Wat het federale niveau betreft, hebben wij elke week contacten. Ik kan bevestigen dat sommige van hun doelstellingen er inderdaad op gericht zijn de geestelijke gezondheidsproblemen in verband met de crisis te identificeren, in overleg met de plaatselijke actoren. Hierover werd op 2 februari 2021 in het Belgisch Staatsblad het Protocolakkoord gesloten op 2 december 2020 tussen de Federale regering betreffende de gecoördineerde aanpak voor de versterking van het psychisch zorgaanbod in het kader van de COVID-19 pandemie, gepubliceerd.

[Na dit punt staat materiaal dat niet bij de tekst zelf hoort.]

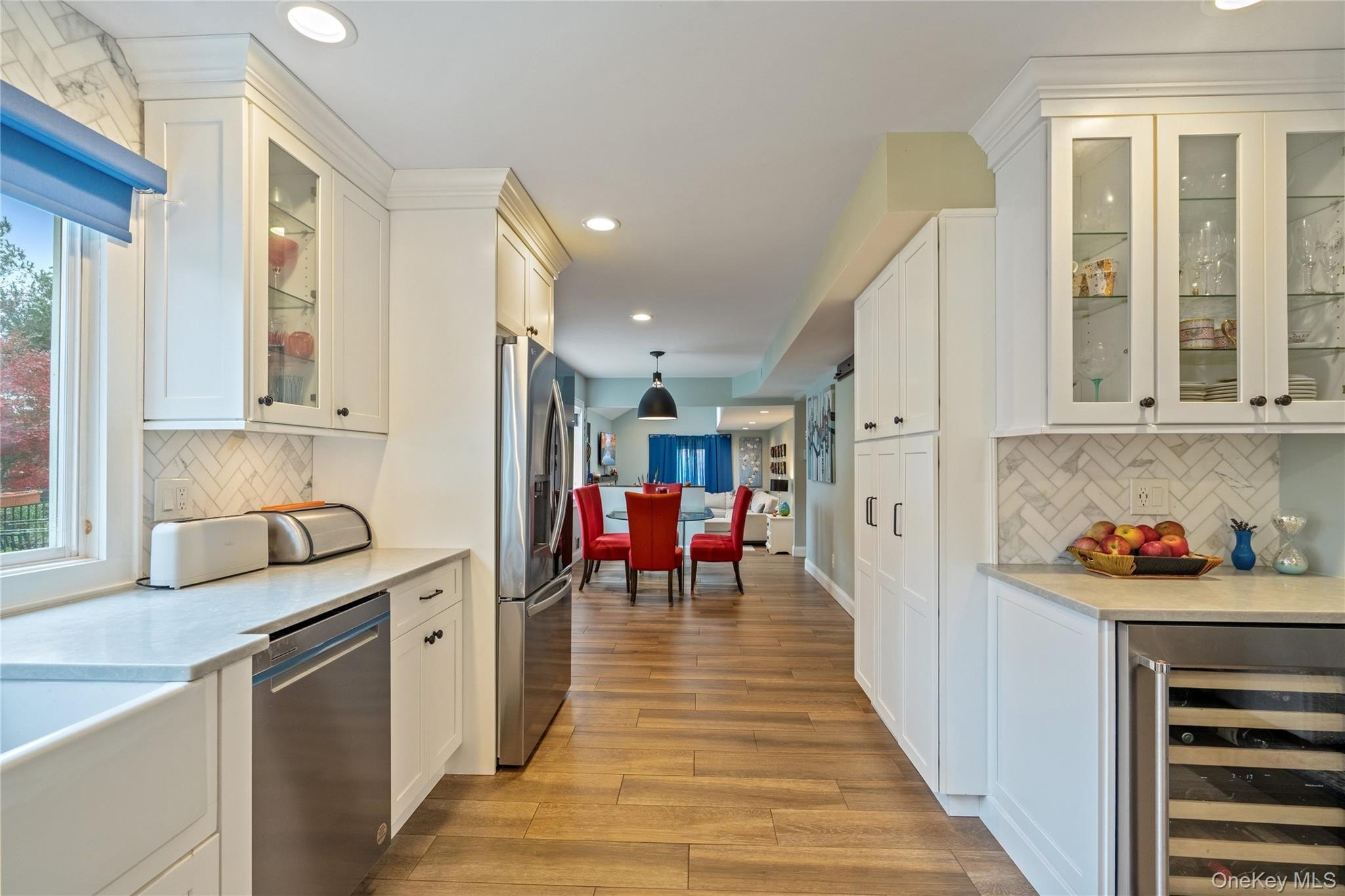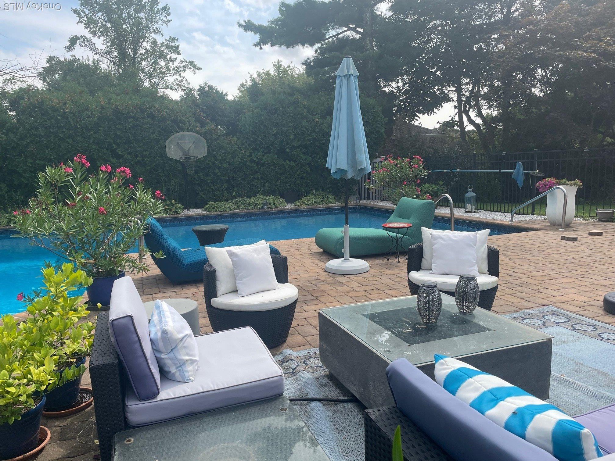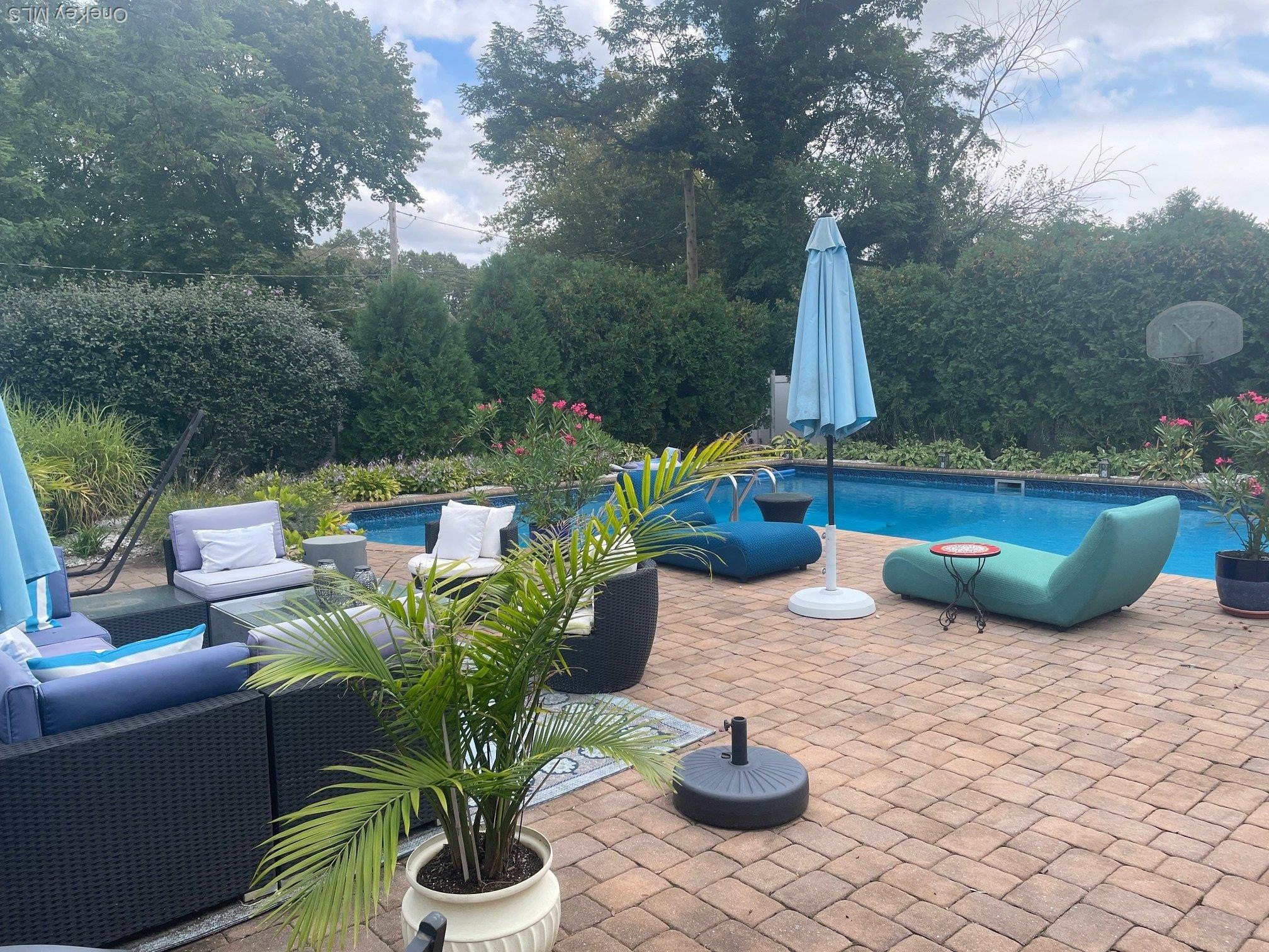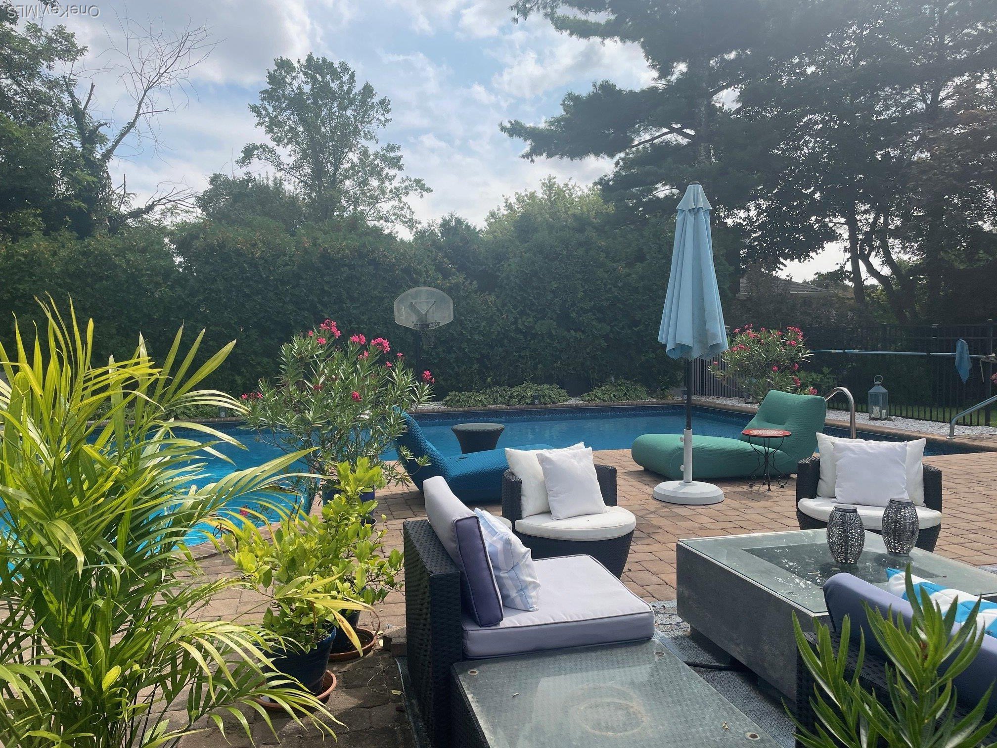 Welcome to this stunning four bedroom, two in a half bath Colonial perfectly situated on a .35 acre lot in the Half Hollow Hills School District. The main level offers an inviting entry hall with half bath, a formal living room and family room with a skylight and a gas fireplace. The gourmet kitchen features stainless steel appliances, gas cooking and flows seamlessly into the dining room and family room, ideal for entertaining. The upper level features the primary suite with an en-suite bath & jacuzzi tub, and three additional bedrooms and family bath. A sunroom off the family room leads to a resort style backyard with an in-ground heated saltwater pool, stone patio and gas fire pit. Additional highlights include hardwood floors, two car garage, new gas boiler, in-ground sprinklers and much more...

In dit kader is voorzien, en ik citeer: "Om de kwetsbare doelgroepen te bereiken en op vraag van de actoren in de eerste lijn, zal een lokale samenwerking worden opgezet met partners in de eerste lijn en basisvoorzieningen: de OCMW's, de huisartsen en de wijkgezondheidscentra, maar ook andere zorg- en hulpverleners in de eerste lijn zoals apothekers en thuisverpleegkundigen, de sociale diensten maar ook de CLB's, scholen, Kind en Gezin consultaties, externe en interne diensten voor preventie en bescherming op het werk (EDPW) via de arbeidsarts en de adviseur inzake preventie van psychosociale risico's, de adviserend artsen van de verzekeringsinstellingen en hun sociale diensten, organisaties voor studenten, families, ..., lokale dienstencentra, diensten voor maatschappelijk werk, buurtcentra, straathoekwerk, CAW-JAC, het centrum voor ondernemingen in moeilijkheden (COM) en de thuiszorg.”